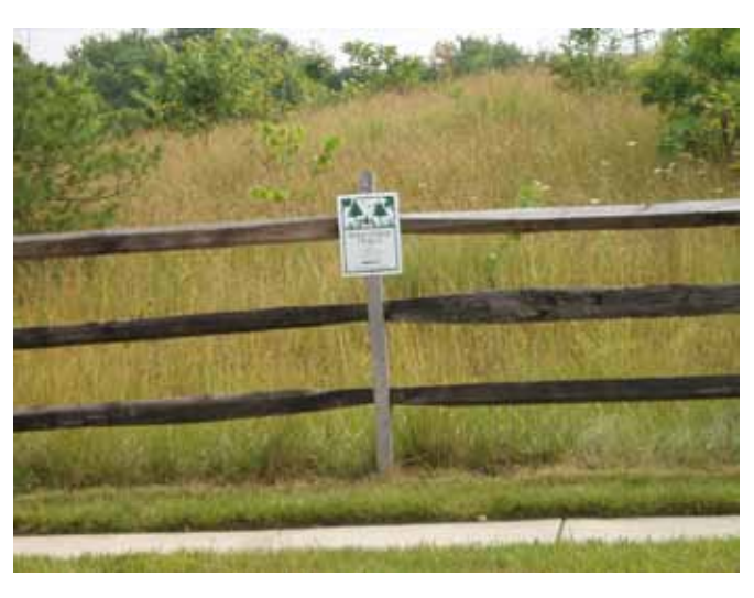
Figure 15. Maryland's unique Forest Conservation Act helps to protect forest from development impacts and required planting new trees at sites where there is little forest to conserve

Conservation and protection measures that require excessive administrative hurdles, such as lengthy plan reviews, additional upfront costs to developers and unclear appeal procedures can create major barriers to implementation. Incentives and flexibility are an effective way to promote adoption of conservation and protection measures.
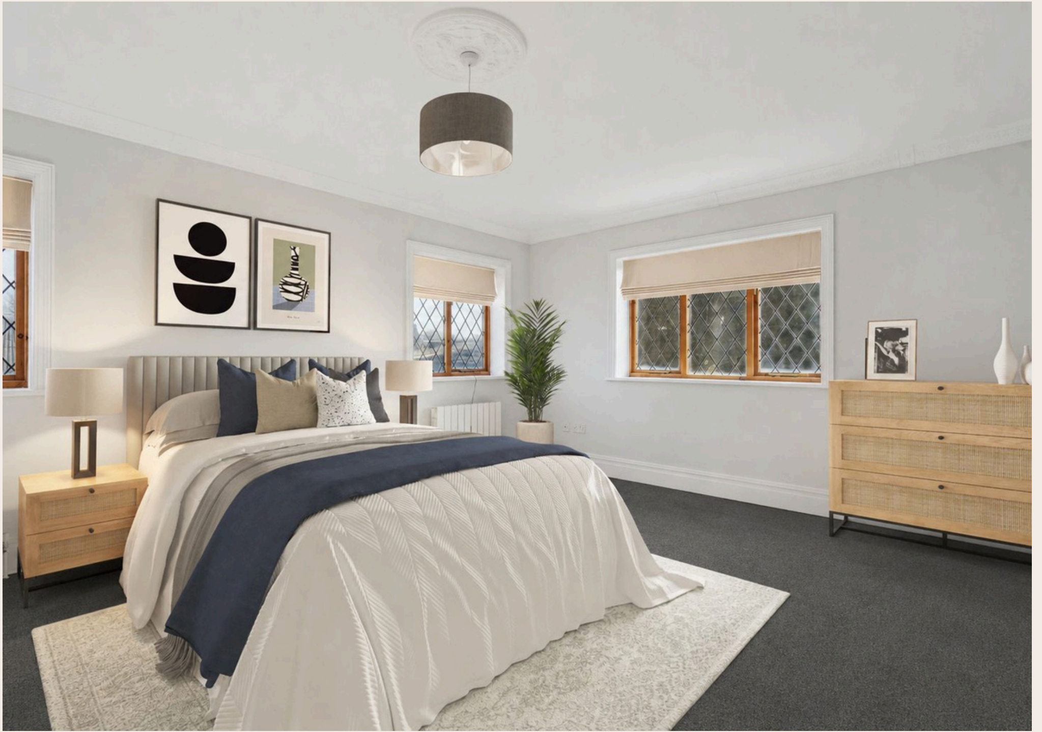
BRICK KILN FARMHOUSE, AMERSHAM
■ ■ ■ ■
● Required work:
Retype the whole listing exactly. Do not include the pictures.

● Answer to this exercise:
Figure 15. Maryland's unique Forest Conservation Act helps to protect forest from development impacts and required planting new trees at sites where there is little forest to conserve

Conservation and protection measures that require excessive administrative hurdles, such as lengthy plan reviews, additional upfront costs to developers and unclear appeal procedures can create major barriers to implementation. Incentives and flexibility are an effective way to promote adoption of conservation and protection measures.
BRICK KILN FARMHOUSE, AMERSHAM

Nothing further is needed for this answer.